RothStauffenberg, "The Kingdom of Mozartbique", 2009, Still
In a second room of the gallery, a copy of a limited-edition pamphlet was available for visitors to page through. The publication’s cut-and-pasted, photocopied pages evoked the aesthetic of ‘zines and political pamphlets. The layers of fact and fiction at play in the video are revealed in the pamphlet. The script is reproduced, accompanied by quotations from relevant theoretical and historical texts (such as Colin Ward on anarchism, Nelson Mandela on the death of Samora Michel, Roger Caillois on mimicry), stills from the video, and collages of visual material ranging from colonial postcards to a contemporary advertisement for mobile phone service in Mozambique. Turning the pages, one experienced the same engrossing discontinuity as in the video, the ambiguous and open-ended interweaving of history and revolutionary action with the legacy avant-garde practices (collage, montage) and pop-cultural attractions. Rather less convincing were the three plaster casts of an oversized wig in the shape of a flipped bob which hung from the ceiling of the smaller gallery, painted in candy-colored hues of yellow, red and white. These glossy wigs were reproductions of a plastic yellow one prominently featured in the video, in which the caricature of a blond 1950s-era hairdo worn by a modern-day young Mozambican woman generated a markedly incongruous juxtaposition. The exhibition press release claimed that group leaders in the Hotel Grande often opted to wear this particular “crown-like” wig. This claim, which seemed rather dubious to me (the wig circulates among a number of people in the video), raises the question of what the acquisition of one of these editioned wig sculptures might mean: a knowing, half-critical, half-slapstick confirmation of a collector’s privileged class position?

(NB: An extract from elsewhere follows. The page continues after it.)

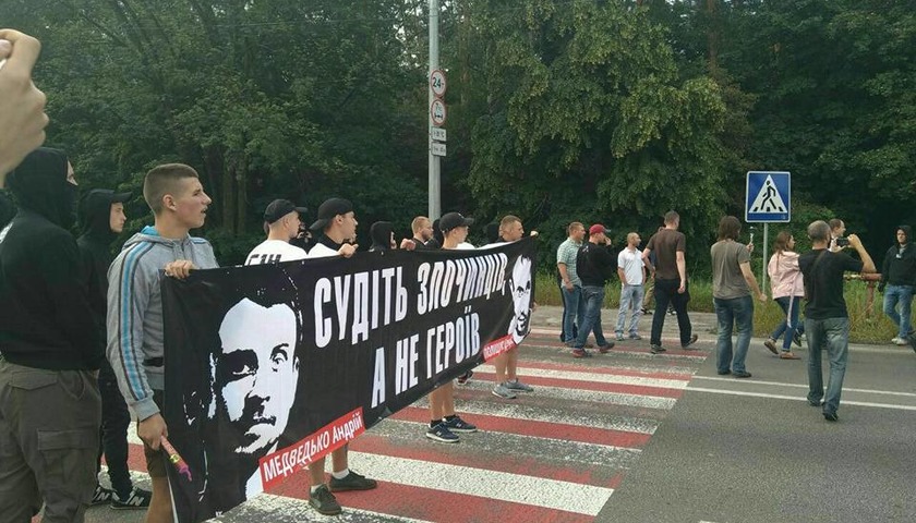 СИТУАЦИЯ. По его словам, активисты остановили кортеж главы ГПУ, желая провести с ним беседу по поводу суда над Андреем Медведько и Денисом Полищуком, которых подозревают в убийстве журналиста Олеся Бузины. Представители С-14 считают, что «над героями войны осуществляется ручное правосудие».

The Bakhtinian notion of the canivalesque—the idea that a temporary reversal of hierachical roles during carnivals or festivals serves as a means of maintaining social equilibrium—lurks in these wigs, as it does in the performances enacted by the Hotel Grande’s residents.1 As the camera romantically swept past yet another bit of the building’s derelict architecture or gazed at the sensuous dance of a young Mozambican woman wearing a cat mask, or as the untranslated dialogue left me to project my own interpretations onto the actions of the participants, I wondered to what extent this game of masking and disguise in fact maintains a certain unequal status quo. What are the implications of asking a community whose alterity and identity is already remarkable from a privileged, Western perspective, to perform as caricatures? RothStauffenberg are clearly aware of the thorniness of their scenario, the risk the project runs of a becoming a kind of fetishization. This discomforting ambiguity seems to have been inserted into the video intentionally and RothStauffenberg perceptively address the issue by calling attention to it directly, through their own bodies; the artists fleetingly appear in the video, wearing their own plastic wigs while filming, smiling awkwardly and playing the fools.
Anmerkung
1 See Mikhail Bakhtin, Rabelais and His World, trans. Helene Iswolsky (Bloomington: Indiana University Press, 1984).